One answer is ANSI Standard Z15.1: Safe Practices for Motor Vehicle Operations. ANSI, the American National Standards Institute, is a non-profit company that sets out consensus safety standards in a number of areas. Standard Z15.1 is the standard which applies to organizations that operate motor vehicles. The standard was developed by a committee made up of representatives from the industry, insurance companies, and safety experts. While ANSI standards are voluntary, they have been admitted in court to show evidence of what an ordinarily prudent company would do. See, e.g. Dixon v. International Harvester Co., 754 F.2d 573, 581 (5th Cir. 1985).

ANSI Standard Z15.1 requires companies that operate motor vehicles to make a commitment to safety. All levels of management should be involved and, and held accountable for, a safety program’s development, management and implementation. The company’s senior leadership is required to allocate sufficient staff and financial resources to manage and support the overall motor vehicle safety program.

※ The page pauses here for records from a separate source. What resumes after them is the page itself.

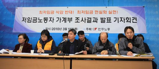 민주노총은 11일 신 씨나 박 씨처럼 최저임금을 받는 노동자들에 대한 가계부 조사결과를 발표했다. 이번 조사는 저임금노동자 14명이 작년 12월부터 1월까지 두달 간 직접 작성한 가계부를 분석했다. 가계부 분석에 참가한 이들은 서울 3, 대구 3, 인천 2, 경남 1, 울산 1, 대전 1, 충북 1, 충남 1, 광주 1명 등으로 민주노총 최저임금대책회의에 결합하는 공공운수연맹, 여성연맹, 일반노협이 인구비례 지역할당으로 표본을 선정했다.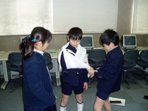 | ケガの手当のリハーサルです。 | 漫才チームの最終ネタ合わせ |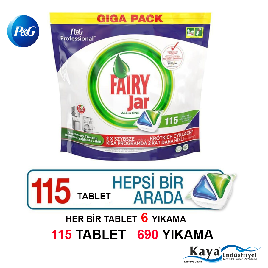 Fairy jar 115 Tablet Endüstriyel Bulaşık Makinesi Deterjanı her bir tablet 6 yıkama yapar toplamda 690 yıkama

This program should include a formal written safety policy and system of responsibility and accountability, as well as systems for driver qualification and vehicle inspections and maintenance.

The standard requires that companies set standards for what kind of driving record is acceptable for its drivers, and to check driving records as part of the driver qualification process. It also requires driver training programs, and a trained observer ride along with new drivers to assess them. Companies are required to maintain records on a driver, including the completed application form, a copy of the driving record, information on reference checks, training records, and a copy of a current driver’s license.

It also requires companies to establish policies regarding distracted driving and aggressive driving. The distracted driving policy should address cell phone use, texting, e-mailing, eating, and even use of the CD player. The aggressive driving policy should include speeding, tailgating, failure to signal lane changes, and running stop signs and red lights.

Companies are also required to have journey and fatigue management policies. The journey management procedures should include route planing. The fatigue management should require adequate rest breaks, avoid long ours of driving, avoid driving at night, screening for sleep apnea and other sleep disorders.

In addition to driving-related policies, the ANSI standard also requires a system for vehicle inspections and maintenance. This requirement includes regular vehicle inspections and visual pre-operation vehicle checks.

ANSI Standard Z15.1 is a powerful tool to help establish corporate negligence. Admitting the standard may require expert testimony. The standard can be purchased online through the American Society of Safety Engineers website.